Well, no mystery here. That's a deck chair. That's a deck chair. Fascinating artifact.

One of only seven that still exists. The crew of the Titanic were just throwing these things overboard hoping that the passengers in the water might have something to hold on to. The exhibit tells the stories of Titanic's heroes like Wallace Hartley and his eight-person band who played until the very end. His body was recovered with this beautiful music pouch and it was full of some of the music that you see. Is this the actual music he was carrying?

The actual music that he was carrying when he was recovered from the from the site. Of the 2,200 people on the Titanic, more than 1,500 died including 47-year-old John Jacob Astor, the wealthiest person on board. This was the watch he wore with him everywhere. His 18-year-old wife who wore this life preserver survived. Why did he not survive? Well, it's it's a sad story but he was on the wrong side of the ship. On the side of the ship that he was on they were only allowing women and children. So he was denied a seat on a lifeboat even though there was a seat because he was a man. That's correct.

For the time being I shall require only women and children. It was a horrifying two hours and 40 minutes before the Titanic disappeared beneath the waves. It then plunged more than two miles to the bottom of the Atlantic where it rested unseen by human eyes for 73 years. But the sinking of the Titanic is no less mind-boggling than the discovery of its wreckage. In 1985 oceanographer and naval reserve commanding officer Robert Ballard stunned the world when he found the Titanic. But how he did it remained a highly classified U.S. government cold war secret for decades.

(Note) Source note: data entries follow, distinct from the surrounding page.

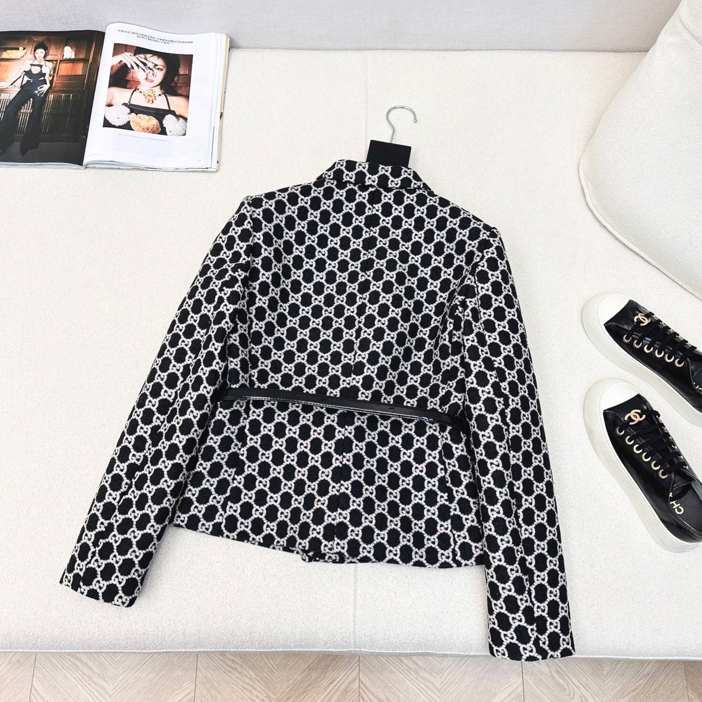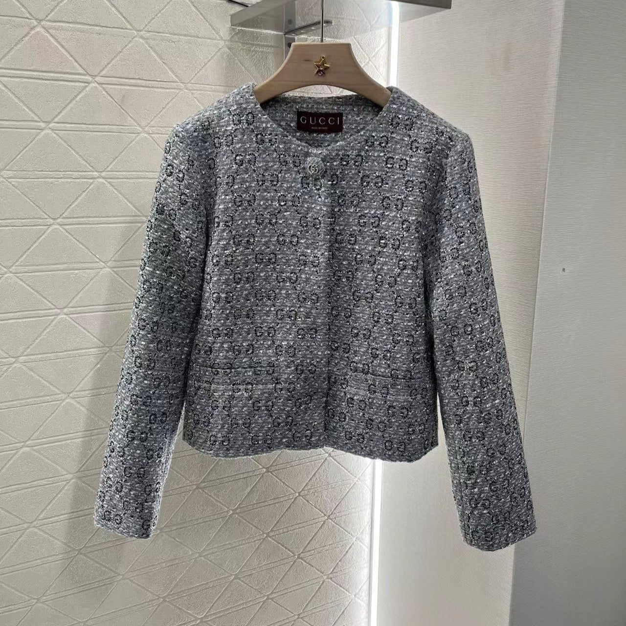 Gucci GG Letter Jacquard Woven Jacket Light Brown Polyester Fiber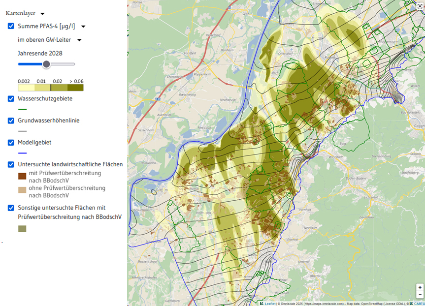 Die Simulation basiert auf dem Grundwassermodell der LUBW für Mittelbaden, das auf der Basis des großräumigen Grundwassermodells Basel-Karlsruhe entwickelt wurde, das im Rahmen der grenzüberschreitenden Projekte LOGAR (Länderübergreifende Organisation für Grundwasserschutz am Rhein) und MoNit (Modellierung der Grundwasserbelastung durch Nitrat im Oberrheingraben) erstellt wurde. Das Grundwassermodell der LUBW ist ein wichtiges Instrument, um die Entwicklung der PFAS-Belastung zu verstehen und zukünftige Maßnahmen zu planen.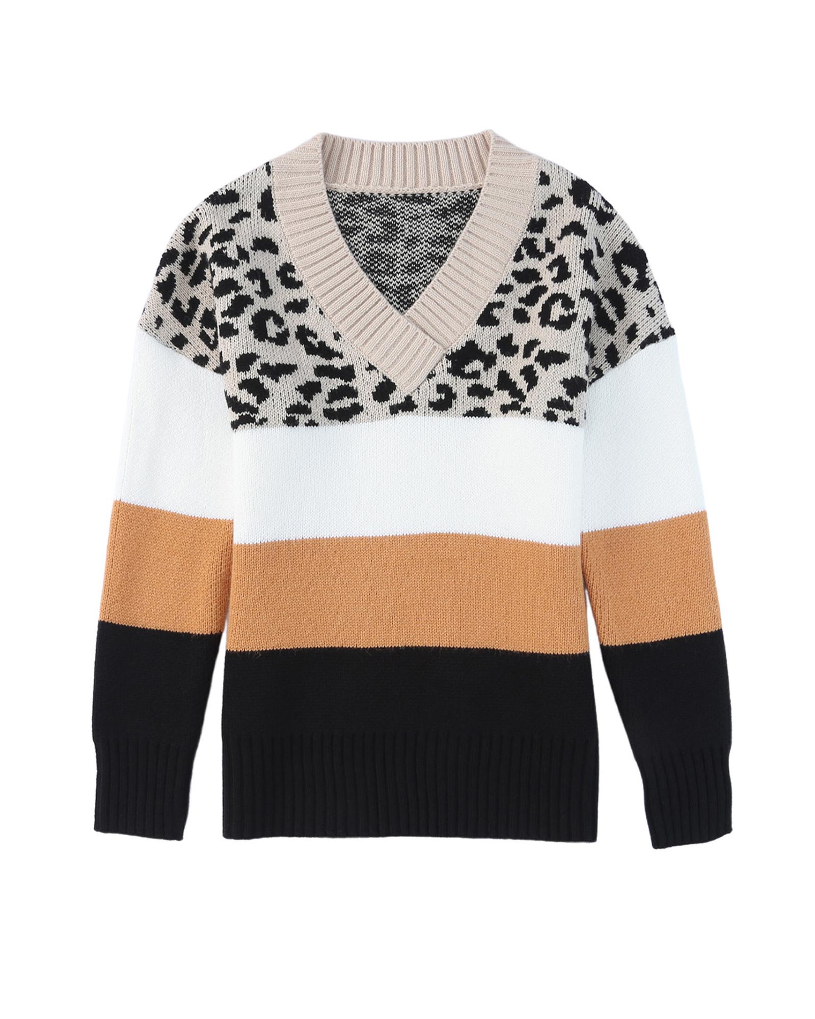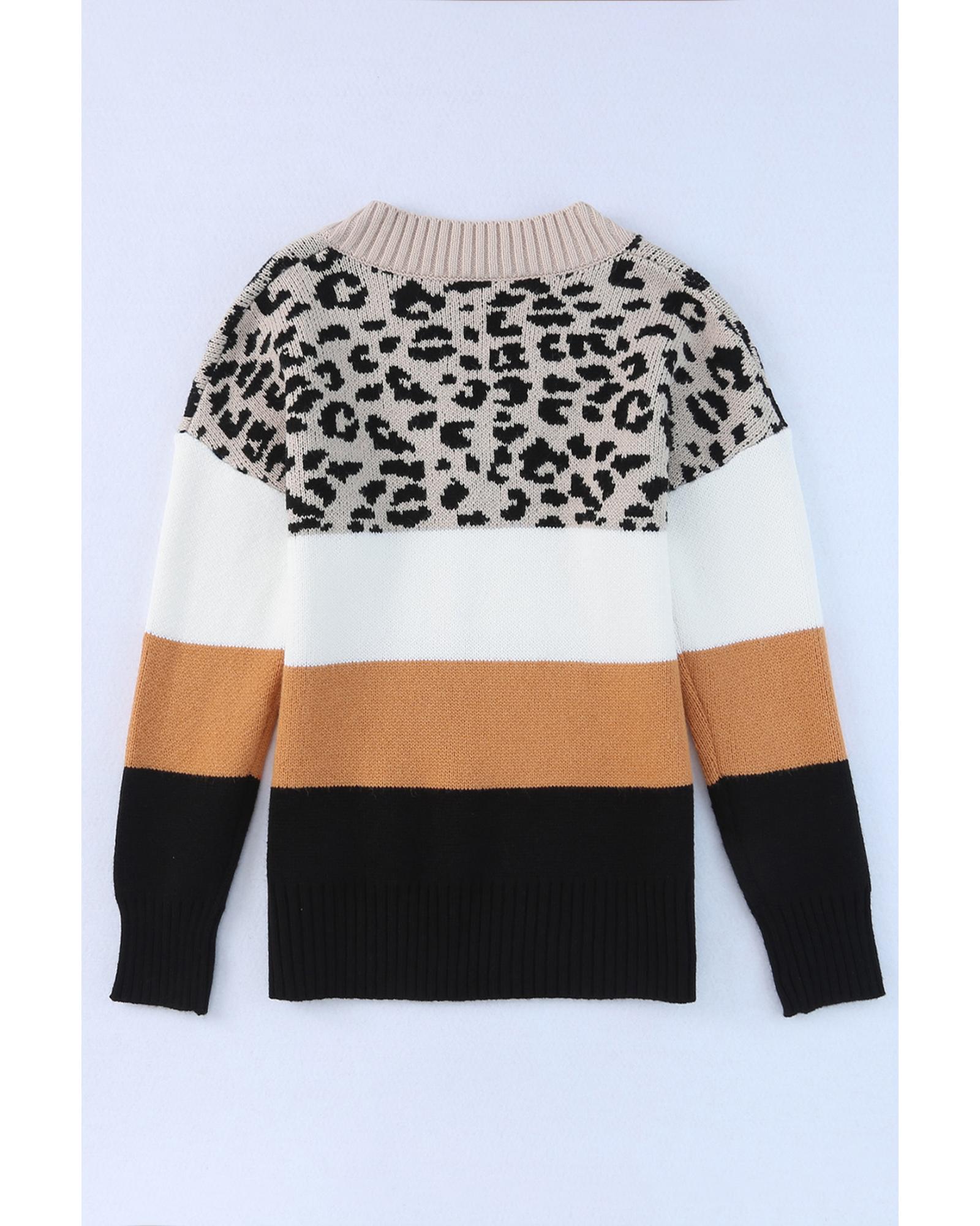 Khaki Leopard Color Block Long Sleeve Sweater – L
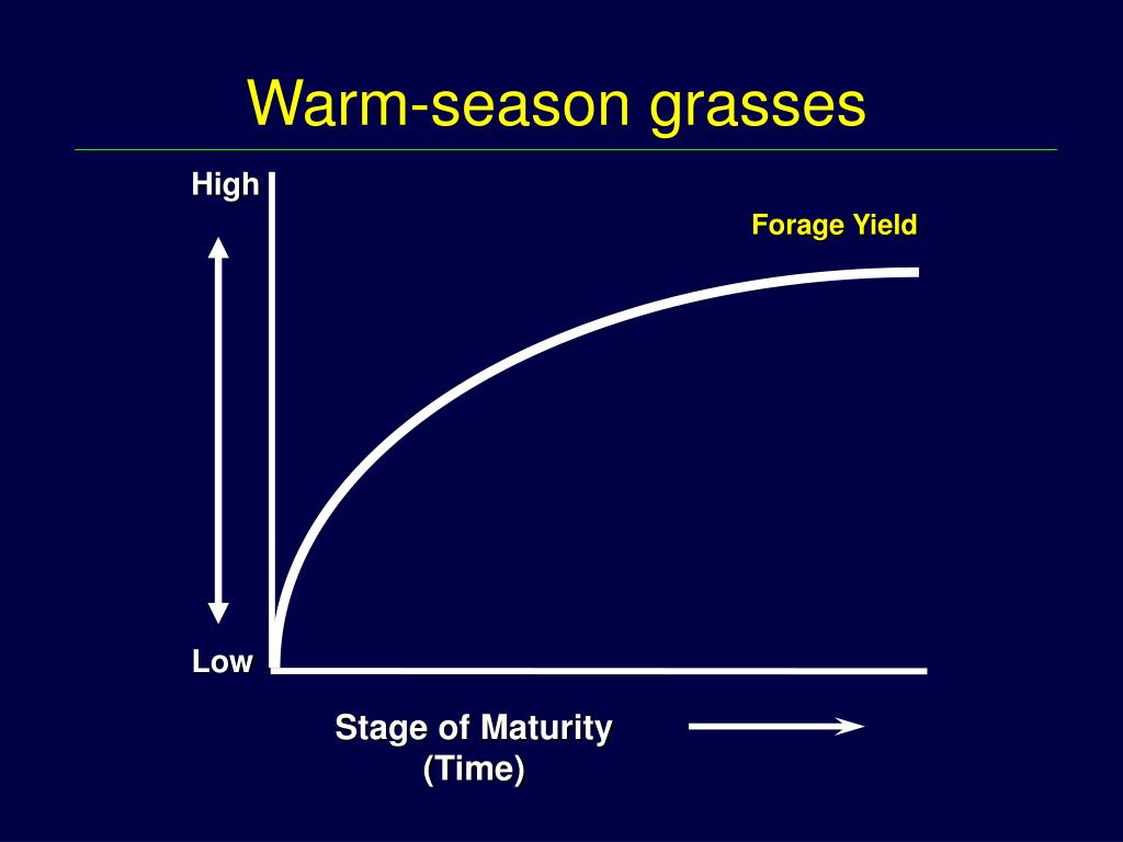 Warm-season grasses High Forage Yield Nutritive Value Low Stage of Maturity (Time)

We met Ballard at National Geographic to hear the Titanic's untold story. You did a number of very top secret naval missions during the cold war. I was a naval officer, yes.

Can you talk about them? No. Not at all? No.

Only this one? Only one big declassified. The story of finding the Titanic starts in 1982 when Ballard was developing his own remotely operated underwater vehicle. Unable to get science grants he asked deputy chief of naval operations Ronald Thunman if the Navy would help fund his project. He said all my life I wanted to go find the Titanic and I was taken aback by that. I said come on this is a serious top secret operation.

Find the Titanic that's crazy. Thunman said yes but only if Ballard used the funds and the time to find two missing U.S. nuclear submarines the Thresher and the Scorpion that sank in the Atlantic in the 1960s. So it was a deal.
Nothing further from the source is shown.